O-Cedar
- Parent: Freudenberg Household Products
- Website: ocedar.com

= O-Cedar =

Brand of household products

O-Cedar is a brand of mechanical and power cleaning products which are rebranded Vileda products. O-Cedar was acquired by the German company Freudenberg Household Products in 2003.

==History==
The O-Cedar brand was first used in mid-1907 for a vegetable oil-based floor polish produced by the newly-formed Channell Chemical Company of Chicago. The first O-Cedar-branded dust mop would be introduced the following year. Channell would establish a UK subsidiary to market the O-Cedar brand there in 1913. The parent company would later be renamed O-Cedar Corp. in 1923.

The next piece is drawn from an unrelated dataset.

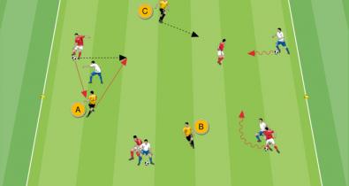 El ejercicio comprende continuas situaciones de 1vs1 con un comodín que juega como apoyo para los compañeros en posesiónTáctica
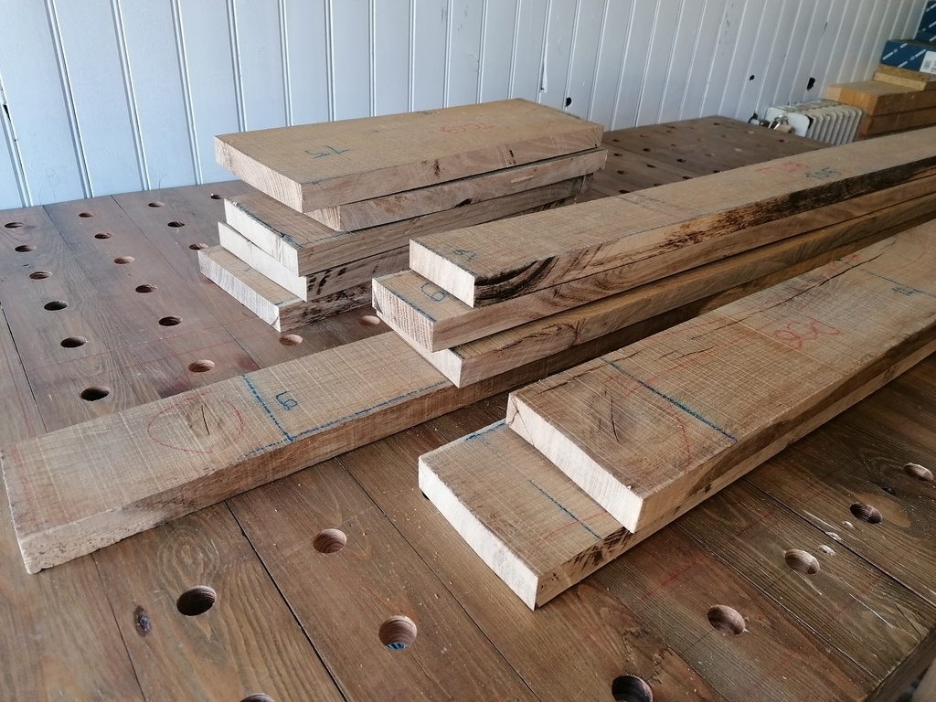 En partant d'une petite bille de chêne, j'ai donc tracés toutes mes pièces avec une sur-côte.

O-Cedar Corp. was acquired by American-Marietta in March 1952, who after merging into Martin Marietta would sell the O-Cedar division to Drackett in May 1962. In 1965, Drackett was sold to Bristol-Myers, who would own the brand for nearly three decades before selling its consumer household products subsidiary to S. C. Johnson & Son in 1992. Due to anti-trust concerns, Johnson was compelled to sell the brand to Vining Industries in 1993, forming O-Cedar/Vining Household Products. Vining was acquired by the Freudenberg Group in 2003, with the products forming Freudenberg's Home and Cleaning Solutions division.